## Problem to solve
Make an exact transcript of the lines in the data below, starting with the one containing "브릿지저널 김진석 기자" and going on through the one containing "Klasyczny czarny kolor", with both included and the pictures left out.

## Information shown

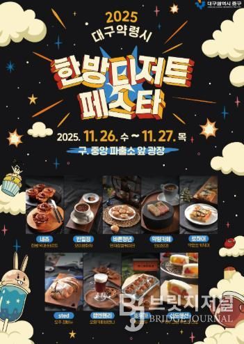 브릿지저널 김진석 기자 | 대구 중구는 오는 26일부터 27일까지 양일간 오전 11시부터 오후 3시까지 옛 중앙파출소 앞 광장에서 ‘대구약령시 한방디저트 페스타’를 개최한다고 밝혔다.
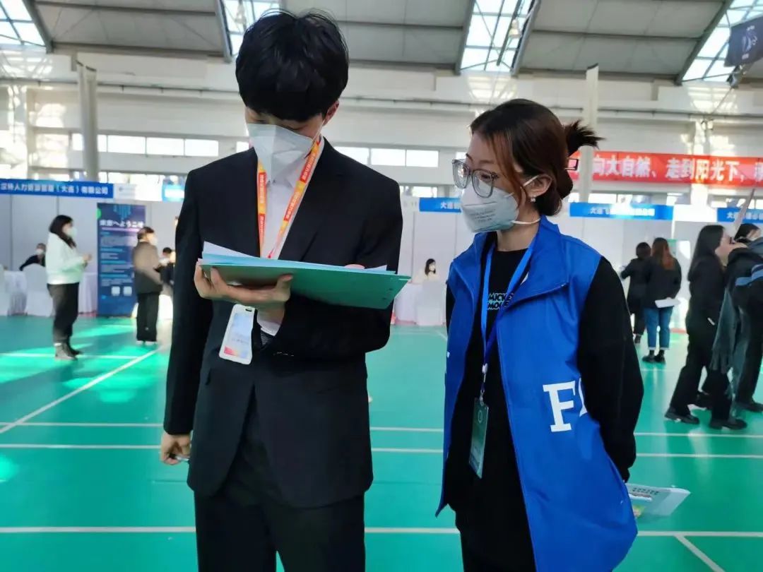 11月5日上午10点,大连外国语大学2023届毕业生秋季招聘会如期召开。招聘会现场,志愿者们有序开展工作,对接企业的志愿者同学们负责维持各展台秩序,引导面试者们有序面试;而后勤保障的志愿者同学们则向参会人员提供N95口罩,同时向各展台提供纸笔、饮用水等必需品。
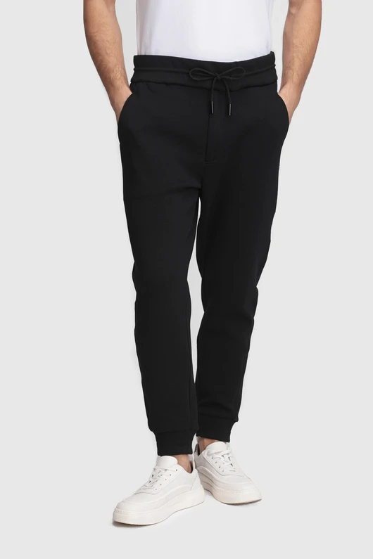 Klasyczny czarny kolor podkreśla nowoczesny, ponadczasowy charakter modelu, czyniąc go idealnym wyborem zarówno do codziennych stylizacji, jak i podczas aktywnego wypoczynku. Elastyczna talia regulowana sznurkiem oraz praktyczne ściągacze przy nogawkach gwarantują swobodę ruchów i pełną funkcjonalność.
---
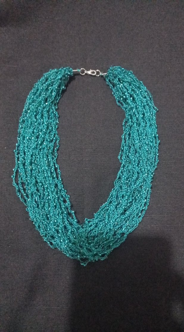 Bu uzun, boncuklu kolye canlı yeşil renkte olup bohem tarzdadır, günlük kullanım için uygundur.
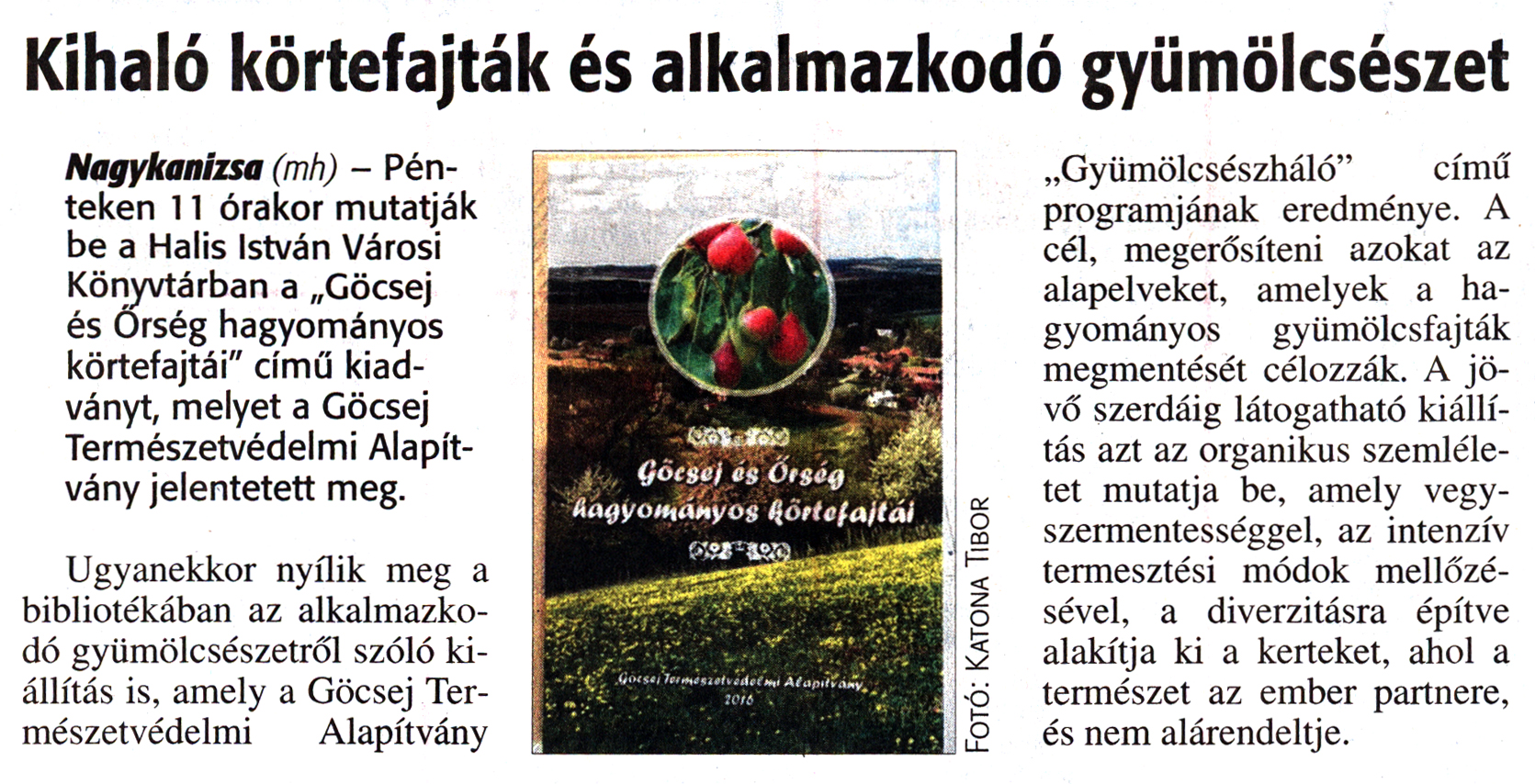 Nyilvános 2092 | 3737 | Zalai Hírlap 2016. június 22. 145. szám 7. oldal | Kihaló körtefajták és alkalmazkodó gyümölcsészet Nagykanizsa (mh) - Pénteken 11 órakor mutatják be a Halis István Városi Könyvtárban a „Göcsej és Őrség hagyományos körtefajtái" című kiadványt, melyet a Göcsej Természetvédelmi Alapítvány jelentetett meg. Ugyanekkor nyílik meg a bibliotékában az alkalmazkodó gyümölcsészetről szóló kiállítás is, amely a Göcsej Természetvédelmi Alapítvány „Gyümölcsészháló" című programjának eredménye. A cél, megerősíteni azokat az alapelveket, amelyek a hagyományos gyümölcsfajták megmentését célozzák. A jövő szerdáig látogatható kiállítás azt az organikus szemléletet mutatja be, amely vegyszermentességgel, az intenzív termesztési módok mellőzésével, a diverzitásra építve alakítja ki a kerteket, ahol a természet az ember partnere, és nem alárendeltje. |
--
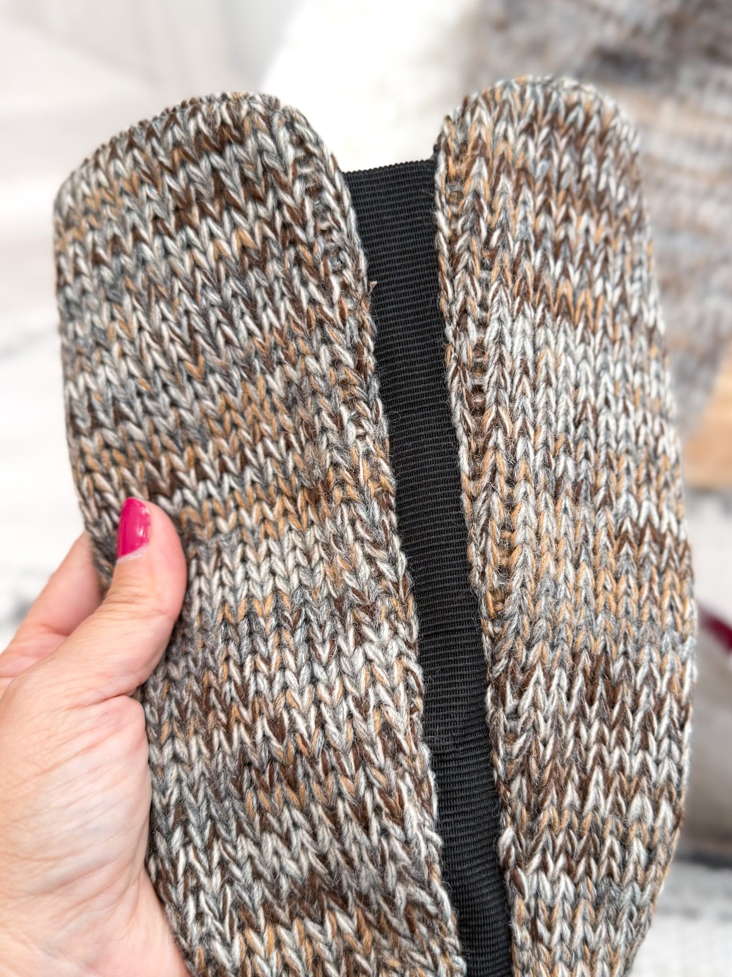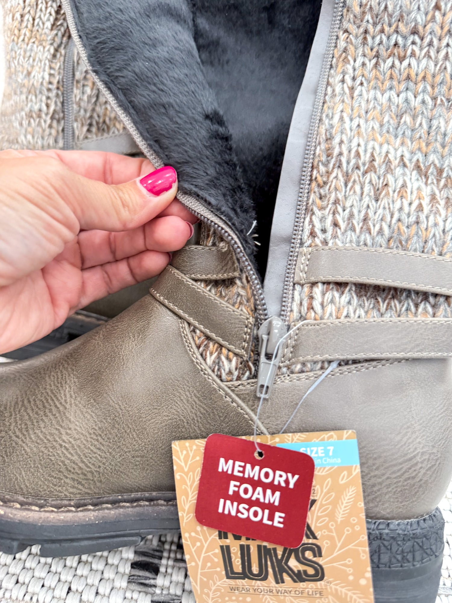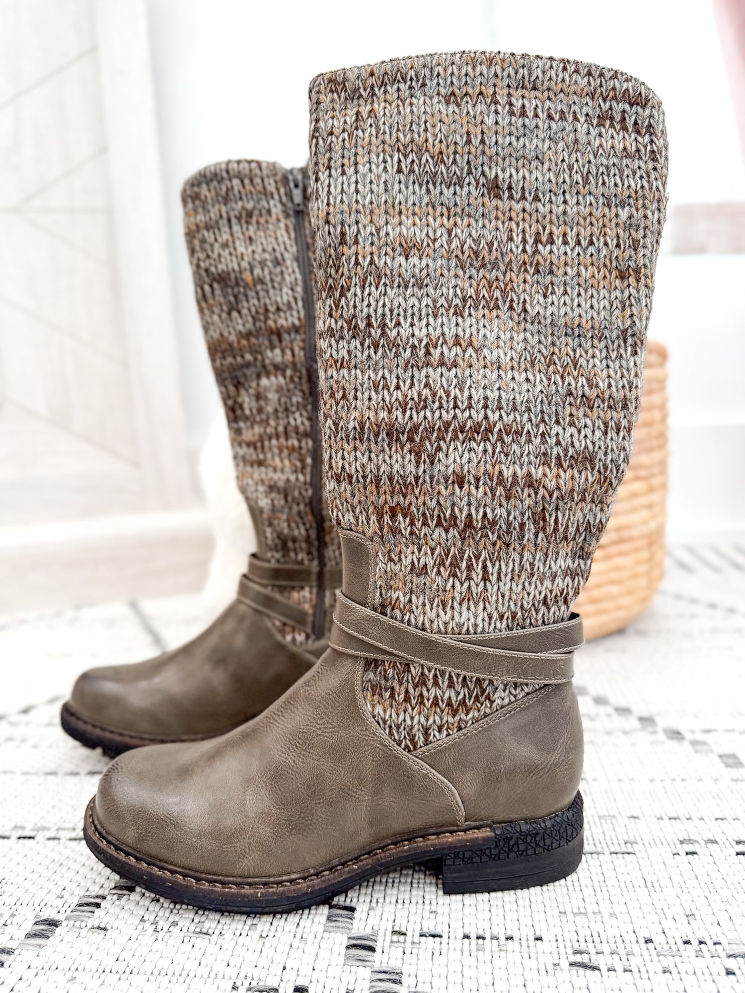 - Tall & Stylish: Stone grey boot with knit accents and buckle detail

## Finished exercise
 브릿지저널 김진석 기자 | 대구 중구는 오는 26일부터 27일까지 양일간 오전 11시부터 오후 3시까지 옛 중앙파출소 앞 광장에서 ‘대구약령시 한방디저트 페스타’를 개최한다고 밝혔다.
 11月5日上午10点,大连外国语大学2023届毕业生秋季招聘会如期召开。招聘会现场,志愿者们有序开展工作,对接企业的志愿者同学们负责维持各展台秩序,引导面试者们有序面试;而后勤保障的志愿者同学们则向参会人员提供N95口罩,同时向各展台提供纸笔、饮用水等必需品。
 Klasyczny czarny kolor podkreśla nowoczesny, ponadczasowy charakter modelu, czyniąc go idealnym wyborem zarówno do codziennych stylizacji, jak i podczas aktywnego wypoczynku. Elastyczna talia regulowana sznurkiem oraz praktyczne ściągacze przy nogawkach gwarantują swobodę ruchów i pełną funkcjonalność.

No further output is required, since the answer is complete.